What are the assumtions of the insurance game (Moral Hazard) and the order of play?
Players:
* Risk averse buyer
* 2 insurance companies (No profits)
Order of play:
* Insurance companies offer contract (x,y) - (x = x = premium, y = payoff)
* Buyer chooses a contract
* Buyer chooses a behavior - Careful of careless (Unobservable to insurer)
* Nature chooses whether there is an accident or not with probability 1/2 if careful and 3/4 if carelsess
* Being careful costs buyer a small amount ‘Epsilon’
What are the equations in the insurance game (Moral Hazard)? How does the graphs look?
Utility:
a. Careful
i. U(buyer)=1/2U(12-x)+1/2U(12-12+y-x)
ii. U(Insurer)=1/2U(x)+1/2U(x-y)
b. Careless
i. U(buyer)=1/4U(12-x)+3/4U(12-12+y-x)
ii. U(Insurer)=1/4U(x)+3/4U(x-y)
- Wealth with theft on Y axis and no theft on x axis
- Profit line of insurer going from (0,12) to (12,0)
- Full insurance is a 45 degree outward
- Equilibrium in the crossing.
What model would you use to illustrate how a failure of a MMF containing CPs of an investment bank nearly shut down these markets? How is the model applicable?
Model: Bank run game
It illustrates the rational behavior of depositors in running the bank. It also shows the nature of banking in turning short term deposits into long term investments.
What are the assumtions for the bank run game?
- Four depositers ($1000 dollars each)
- Banks offer contracts contingent on withdrawal time
- Three periods: Yesterday, today, tomorro
- Depositors deposits yesterday, without knowing their preference towards withdrawal time
- Two preferences: impatient and patient (Equally likely)
- Two investments: Short (R=1) and long term(Illiquid investment - R>1 tomorrow, L<1 today)

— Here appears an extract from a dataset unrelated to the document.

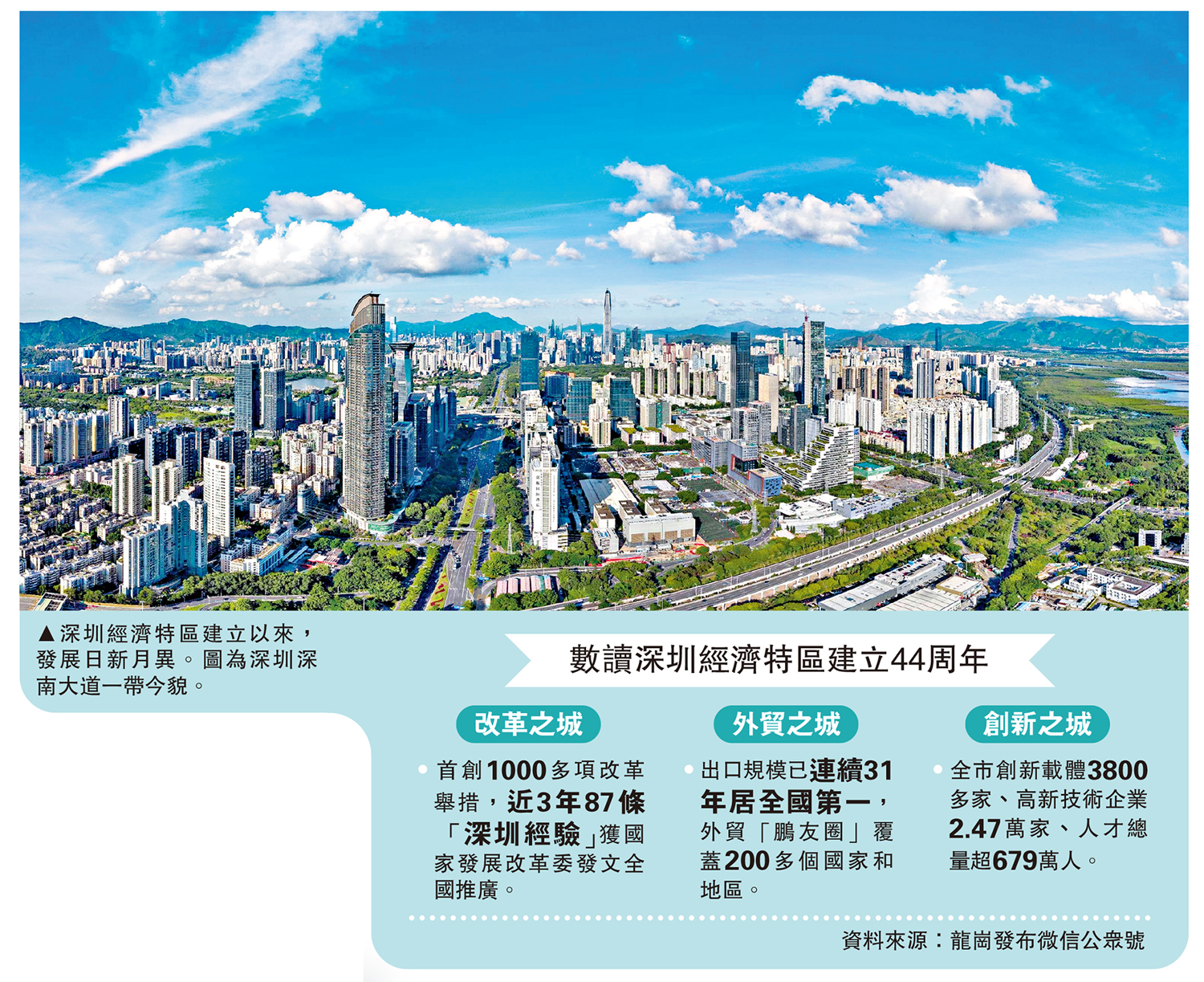 (大公報 記者 李望賢)在1980年8月26日,深圳和珠海、汕頭、廈門等城市一起獲批成為首批經濟特區。經過44年大膽探索,深圳經濟特區屢創發展奇跡,從一個落後的邊陲農業縣蝶變為一座充滿魅力、動力和創新力的國際化城市,地區生產總值從1980年的2.7億元(人民幣,下同)增至2023年的3.46萬億元,增長近1.3萬倍,成為全國改革開放的旗幟、創新發展的標桿、先行示範的使命之城。越改革越發展,越開放越強大,成為深圳經濟特區44年發展史的鮮明啟示。

Why did monetary policy contribute to inflation post-covid but not post great recession?
Great recession
* Underutilized capacity
* Confidence was low
* Banking sector was more cautious due to tighter regulations and a need to repair their balace sheets
Covid
* There was a shut off in supply, not demand and restrictions on demand by the governments. (Aggregate supply shifts in)
* Meeting this with monetary policy shifts aggregate demand out.
* Post lockdown, people had saved up because they didn’t have anything to spend money on
What model would you use to show that masks and vaccine mandates where necessary? Why?
Model: Public goods
Because if not the spread would have been exponential.